**YOUR TASK**
From the listing below, extract each line containing the string "Pune".

**RECORDS FOR THE TASK**
- Opening Delimiter -

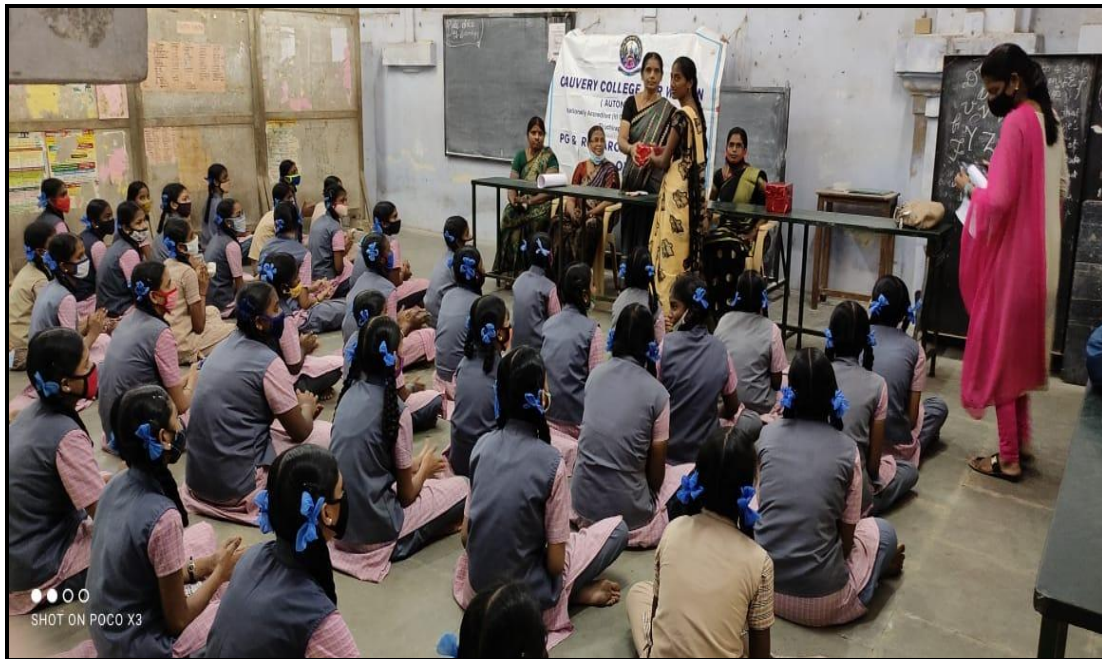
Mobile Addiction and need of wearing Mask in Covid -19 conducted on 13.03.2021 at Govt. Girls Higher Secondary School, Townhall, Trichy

- Closing Delimiter -
- Opening Delimiter -

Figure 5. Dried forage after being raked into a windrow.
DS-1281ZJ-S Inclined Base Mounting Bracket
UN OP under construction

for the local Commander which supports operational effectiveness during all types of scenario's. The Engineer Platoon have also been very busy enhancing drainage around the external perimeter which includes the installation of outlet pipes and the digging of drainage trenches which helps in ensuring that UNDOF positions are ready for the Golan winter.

- Closing Delimiter -
- Opening Delimiter -

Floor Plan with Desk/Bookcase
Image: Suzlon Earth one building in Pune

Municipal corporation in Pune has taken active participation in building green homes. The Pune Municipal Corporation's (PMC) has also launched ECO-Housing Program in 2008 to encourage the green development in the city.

- Closing Delimiter -

**RESULT OF THIS EXERCISE**
Image: Suzlon Earth one building in Pune
Municipal corporation in Pune has taken active participation in building green homes. The Pune Municipal Corporation's (PMC) has also launched ECO-Housing Program in 2008 to encourage the green development in the city.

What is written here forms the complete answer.